Python is a flexible language that can be used for a variety of tasks, including data analysis, programming, and web development. Python is an ideal tool for data scientists who are looking to learn more about data analysis and machine learning.
Getting started with Python and R for Data Science
Python is a great choice for beginners as well as experienced developers who are looking to expand their skill set. Python is an ideal language for data scientists who are looking to learn more about data analysis and machine learning. It is used to accomplish a variety of tasks, including data analysis, programming, and web development.
Python is an ideal tool for data scientists who are looking to learn more about data analysis and machine learning. Python is a great choice for beginners as well as experienced developers who are looking to expand their skill set.
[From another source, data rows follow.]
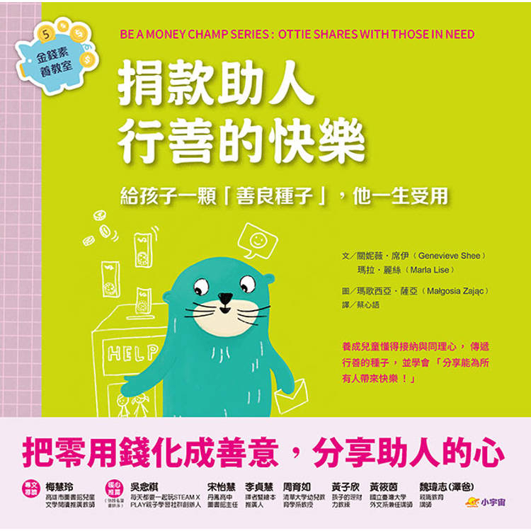 在《金錢素養教室》系列前四冊中,孩子已探索了「錢從哪裡來」、「怎麼花」、「不能花光」、「買不買的判斷」。《捐款助人 行善的快樂》則帶領孩子進入金錢素養的另一個重要層面,分享與助人。不只是讓孩子知道「零用錢可以助人」,更是要讓孩子理解,金錢不只是買東西的工具,它也可以透過分享帶來幸福、連結與溫暖。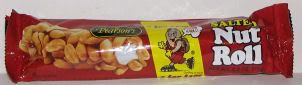 Pearson's Nut Roll: "Pearson’s Nut Roll is kinda like a Payday bar. It’s a soft nougat center, then a small layer of sticky caramel and a generous coating of salted peanuts (Virginia peanuts according to their website)."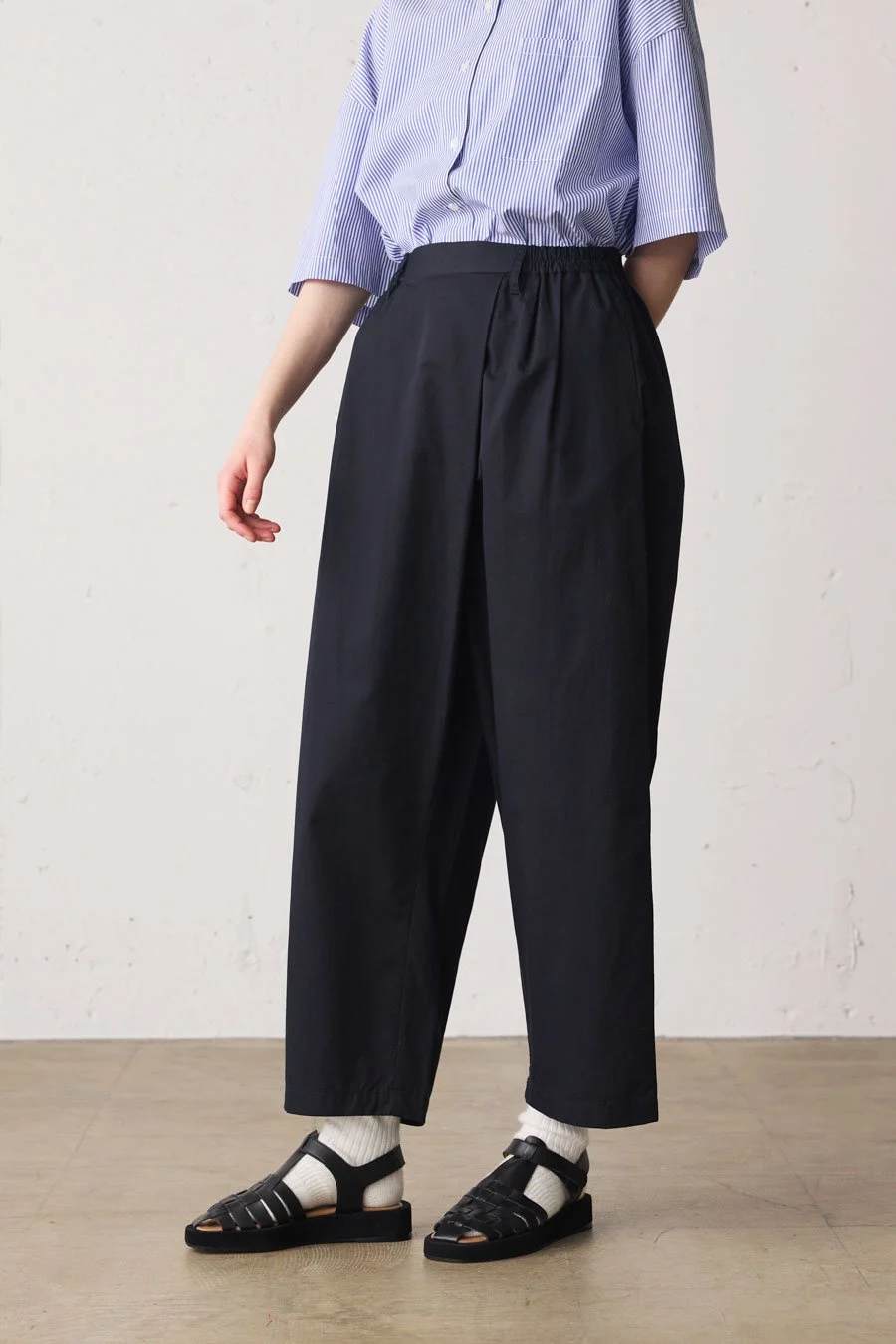 コットンリネンのカルゼ素材、洗いざらしで着用できるイージー素材のフロントラップパンツ。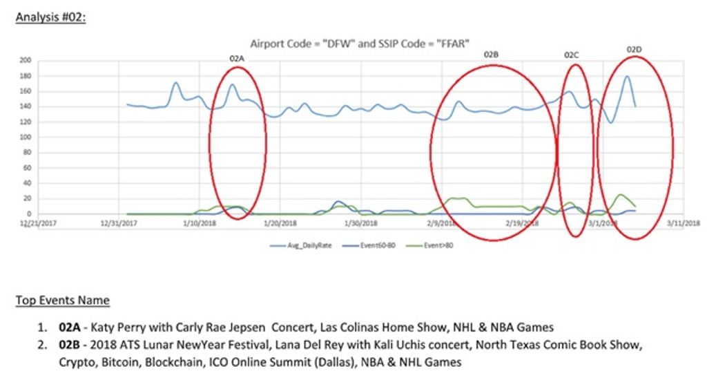 Notice how the biggest cluster of events, marked as 04C, produced the most notable increase in average daily rate. Pricing analysts should be sensitive to event clusters.

2. Intro to Big Data, Data Science & Predictive Analytics
Big data is a term that has been around for a few years now, and it has become increasingly important for businesses to understand what it is and how it can be used. Big data is basically any data that is too large to be stored on a single computer or server and instead needs to be spread across many different computers and servers in order to be processed and analyzed.
The main benefits of big data are that it allows businesses to gain a greater understanding of their customers and the products they are interested in, which allows them to make better decisions about how to market and sell their products. In addition, big data also allows businesses to take advantage of artificial intelligence (AI) technology, which can allow them to make predictions about the future based on the data they are collecting.
The main areas that businesses need to be aware of when they start using big data are security and privacy. Big data can be extremely dangerous if it is not properly protected, as it can allow anyone with access to the data to see the information that is being collected. In addition, big data can also be extremely dangerous if it is not properly anonymized, as it can allow anyone with access to the data to see the information that is being collected.
One of the best ways to protect your data is by using encryption technology. Encryption allows you to hide your data from anyone who does not have access to it, so you can ensure that no one but you have access to your data. However, encryption does not protect
3. Intro to Azure ML & Cloud Computing
Cloud computing is a growing trend in IT that allows organizations to perform delivery of computing services including servers, storage, databases, networking, software, analytics, and intelligence. Cloud offers a number of benefits, including reduced costs and increased flexibility.
Organizations can take advantage of the power of the cloud to reduce their costs and increase flexibility, while still being able to stay up to date with new technology. In addition, organizations can take advantage of the flexibility offered by the cloud to quickly adopt new technologies and stay competitive.
In this intro to Azure Machine learning & Cloud Computing, we’ll cover some of the key benefits of using Azure and how it can help organizations get started with machine learning and cloud computing. We’ll also cover some of the key tools that are available in Azure to help you get started with your machine learning and cloud computing projects.
Start your Data Science journey today
If you are afraid of spending hundreds of dollars to enroll in a data science course, then direct yourself to the hundreds of free videos available online. Master your Data Science learning and step into the world of advanced technology.